Затем вектор экспрессии трансформировали в бактериальную хозяйскую клетку Lactobacillus, такую как L. Acidophilus. Трансформированные клетки отбирали проверкой на селектируемый маркер, найденный в пределах последовательности вектора, а секрецию пептида можно было проверить методом Вестерн-блоттинга или гель-электрофореза пептидов, присутствующих в ростовой среде, или другими стандартными методами. Трансформированные колонии бактерий собирали и использовали для создания широкомасштабной культуры генетически измененнных бактерий. Культуру генетически измененных бактерий, экспрессирующих желаемый пептид, подращивали, и по меньшей мере часть этой культуры вводили в пищеварительный канал, вагину, трахею или другие области организма хозяина, в которых бактерии могли размножаться. По желанию, бактериальные культуры могут быть обработаны различными способами для удовлетворения дополнительных внутренних потребностей хозяина. Эти способы обработки включают в себя лиофилизацию или другие способы сохранения бактерий, в дополнение к комбинированию бактерии с агентами-носителями, такими как растворы, растворители, дисперсионные среды, задерживающие агенты, эмульсии и т.п. Использование таких агентов для приготовления добавок хорошо известно в данной области. Например, бактерии можно использовать для получения культуры молочных продуктов или других пищевых продуктов для потребления человеком, таким образом, чтобы организм, экспрессирующий пептид, колонизировал кишечник организма хозяина. Некоторые различные способы внедрения молочнокислых бактерий в пищевые продукты, такие как йогурт, кимчи, сыр и масло, раскрыты в Патенте США № 6036952, выданном на имя Oh, который включен здесь посредством ссылки во всей ее полноте. При любом способе введения бактерий модифицированный организм бактерий будет колонизировать кишечник, и будет происходить презентация и/или абсорбция пептидов согласно изобретению через слизистую оболочку кишечника.
ПРИМЕР 2
Доставка пептидов посредством генетически измененной формы бактерий Bacillus subtilis
Представленное ниже является другим способом доставки пептидов согласно изобретению в организм хозяина, как описано выше. Последовательность ДНК, кодирующая один из пептидов, перечисленных в таблице А выше, синтезировали химическим способом, и эту последовательность ДНК включали в вектор экспрессии посредством техники генной инженерии, причем все используемые технические приемы известны в данной области. Выбирали вектор экспрессии, включающий в себя "челночный" вектор, такой как pTZ18R (Pharmacia, Piscataway, NJ), способный к размножению и в Е.Coli, и в B.Subtilis и содержащий ген, резистентный к антибиотику, для отбора колоний трансформированных бактерий. Этот вектор может содержать конститутивную промоторную активность в B. Subtilis, такую как промотор, полученный из гена Sac B из B. Subtilis, так же, как и нуклеотидная последовательность, кодирующая сигнальный пептид, активный в B. Subtilis, который направляет эффективный экспорт экспрессируемых гетерологичных белков из бактериальных клеток. Пример такого вектора описан в Патенте США № 6268169, Fahnestock, который включен в настоящее описание путем ссылки во всей его полноте. Коротко, как детализировано выше, ДНК, кодирующая пептид согласно изобретению, будет синтезироваться с сайтами рестрикционных энзимов и/или другими последовательностями для облегчения клонирования ДНК путем технологий, известных специалистам в данной области. После трансформации в E. Coli, посева, отбора и размножения плазмид для создания плазмидной биомассы плазмиду затем трансформировали в B. Subtilis, и трансформанты отбирали по их резистенции к антибиотику в посевной среде.

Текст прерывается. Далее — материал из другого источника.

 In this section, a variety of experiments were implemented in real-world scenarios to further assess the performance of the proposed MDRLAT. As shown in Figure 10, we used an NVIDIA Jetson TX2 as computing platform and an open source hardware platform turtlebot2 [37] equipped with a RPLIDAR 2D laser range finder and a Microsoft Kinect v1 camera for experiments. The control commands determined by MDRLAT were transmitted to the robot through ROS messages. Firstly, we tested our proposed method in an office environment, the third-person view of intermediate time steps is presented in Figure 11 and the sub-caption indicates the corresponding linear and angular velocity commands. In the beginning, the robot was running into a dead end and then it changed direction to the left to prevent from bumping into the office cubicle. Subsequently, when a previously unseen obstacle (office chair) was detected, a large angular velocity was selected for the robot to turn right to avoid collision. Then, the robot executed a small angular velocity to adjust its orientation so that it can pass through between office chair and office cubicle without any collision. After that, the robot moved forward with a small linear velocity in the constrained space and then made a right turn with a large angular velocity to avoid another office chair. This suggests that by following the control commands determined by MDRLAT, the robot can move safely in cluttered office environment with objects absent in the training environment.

Выработку пептида и его секрецию из генетически модифицированного B.subtilis проверяли, используя технические приемы, известные специалистам в данной области, такие как радиоактивное мечение пептидов для авторадиографического определения после SDS-PAGE-анализа или Вестерн-блоттинга.

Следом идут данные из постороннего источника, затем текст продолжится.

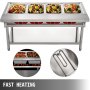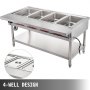 Esta potente mesa de vapor comercial tiene capacidad para 4 recipientes para alimentos, de 20,8"x12,6" (530x320 mm) de tamaño y 20 litros (5,3 galones) de volumen. Se pueden poner varios alimentos por separado. Tapas incluidas para un mejor efecto de aislamiento.

Культуру генетически модифицированных бактерий выращивали, и по меньшей мере часть ее вводили в пищеварительный канал, вагину, трахею или другие области организма хозяина, в которых бактерия сможет размножаться.
ПРИМЕР 3
Доставка пептидов посредством генетически модифицированных дрожжей Saccharomyces
Представленное ниже является другим способом доставки пептидов согласно изобретению в организм хозяина, как описано выше. Последовательность ДНК, кодирующая один из пептидов, перечисленных в таблице А выше, синтезировали химическим способом, и эту последовательность ДНК включали в вектор экспрессии посредством техники генной инженерии, причем все используемые технические приемы известны в данной области. Выбранный вектор экспрессии включает в себя устойчиво поддерживаемый вектор экспрессии дрожжевого белка, включающий в себя конститутивный дрожжевой промотор, такой как pADH1, сайты для репликации вектора как в дрожжах, так и в E.Coli, ген или гены, которые придают прототрофам свойства ауксотрофных дрожжевых мутантов в целях селекции, множественный клонирующий сайт (MKS) и, если необходимо, последовательности, которые кодируют сигнальный пептид. Векторы, такие как данный, коммерчески доступны и известны в данной области или могут быть быстро получены с использованием стандартной технологии. После включения синтезированной ДНК в дрожжевой вектор, трансформации в E. Coli, посева трансформированной E. Coli на селективной среде, селекции трансформированной бактериальной колонии и получения плазмидной ДНК из растущей культуры бактерий указанной колонии, вектор трансформировали в Saccharomyces cerevisiae при помощи хорошо известных технических приемов, таких как трансформация в ацетате лития или электропорация. Штамм Saccharomyces cerevisiae, выбранный для трансформации, является мутантным ауксотрофным штаммом, которому требуется наличие гена на плазмиде, чтобы расти на минимальной посевной среде. Колонии трансформированных дрожжей выделяли путем посева дрожжей в среде, дефицитной в отношении того продукта, ген которого предусмотрен в векторе. Только те дрожжи, которые включили вектор и его селективный ген и стали экспрессировать продукт указанного гена, могут образовывать колонии в минимальной среде. Проверить секрецию пептида можно посредством Вестерн-блоттинга, гель электрофореза пептидов, присутствующих в среде роста, или другими стандартными методиками.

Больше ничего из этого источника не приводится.